Reviewed by: MounaRao

Grammatical Construction : 10

The basic grammatical construction of your book is very good. I loved your creativity in describing the events.

Grammatical Errors : 8

I haven’t found any major errors except for the fact that you keep changing tenses in between. It’s always better to stick with one tense, either past or present. Shuffling between them frequently may end up confusing your readers.

Easily Understood : 10

I love the way you described things. Not only Danny’s character, but also his actions. I could literally imagine things while reading them. You did a great job over her. The book is full of action and sequences, and you made things really interesting with your writing.

Use of Vocabulary : 10

Inorder to describe a thing perfectly, you need to use good vocabulary. You aced in it. You kept it simple and neat.

Use of Punctuation Marks : 9

Nothing major except for a few misplaced commas here and there.

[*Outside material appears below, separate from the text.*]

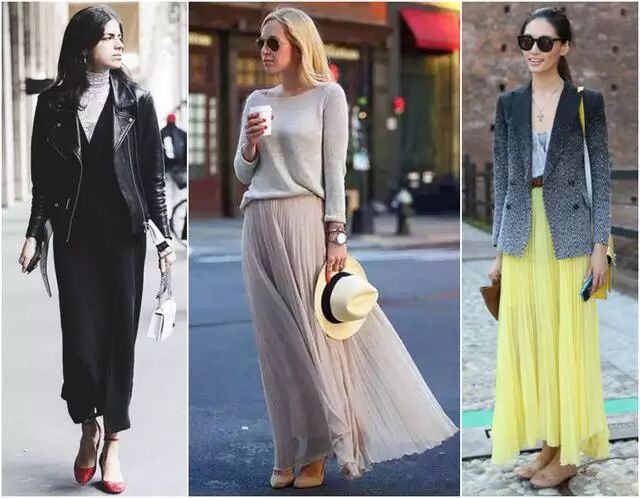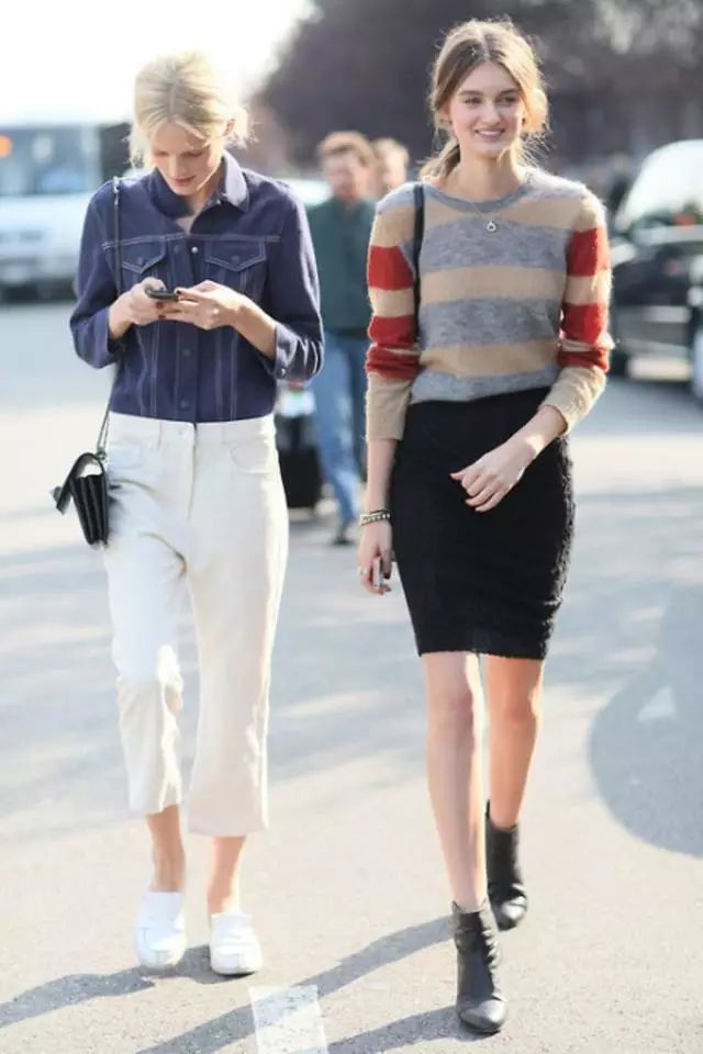 随着天气日渐凉爽,秋天也到了,很多女人都已经开始穿出自己的裙子了,这个时候裙子一定不能乱穿,想要的漂亮有气质,就要学会穿这3款半身裙。 1、包臀裙 条纹针织衫搭配黑色蕾丝包臀裙,随性中带着一丝性感,脚踩黑色短靴,时髦有范儿。 欧美街头,简单的T恤或毛衫搭配包臀短裙,简单、帅气,但又不失時髦利落感的穿着! 【3】大长裙 春天最流行穿长裙搭小外套,这样不但不会觉得冷,也会因为小外套和扎腰的设计,将腿部线条修饰的特别好。 皮衣配碎花长裙,温柔中透着帅气,顶着高高的丸子头,特显俏皮。 看着很舒服的打扮, 蓝色针织衫搭配白色大长裙,脖子上的项链很显脸小哦。 3、牛仔裙 | |

You can correct them out with a single poof reading.

Portrait of the story in the title of the book : 10

The cover of your book is real classy. At first I couldn’t make any semblance to the story but when I actually read your book and came back to the cover again, I could make the connection. ' The Miscreants ' is a very apt title for your book as all your characters are the troublemakers in a sense.

Lessons gained : 10

Living on the streets is difficult. Do it for a long time and it kind of moulds in your character for the worst. Growing up without proper parentage can do serious damage to one’s thought process and personality like in the case of Daniel.

Character sketch : 10

The main highlights of your story are your characters, especially Danny.

Danny- I seriously don’t know what to say about him. He’s such a bad ass. I totally fell in love with him while reading your story, your writing influenced me such (I know that might make me a delinquent, but can’t help it ;) ). He’s smart, cunning and has a very big mouth which almost always lands him up in trouble. You did a great job in portraying him as a drug addict and a thief. His character sketch is fab.

You did well with other characters as well but nothing much caught my mind except for maybe Cayden.

Overall, you did a wonderful job with the book. It’s a refreshing read apart from the regular clichés we find on Wattpad where the main character is a goody two shoes. I loved reading your book and would definitely recommend it to others. Good luck!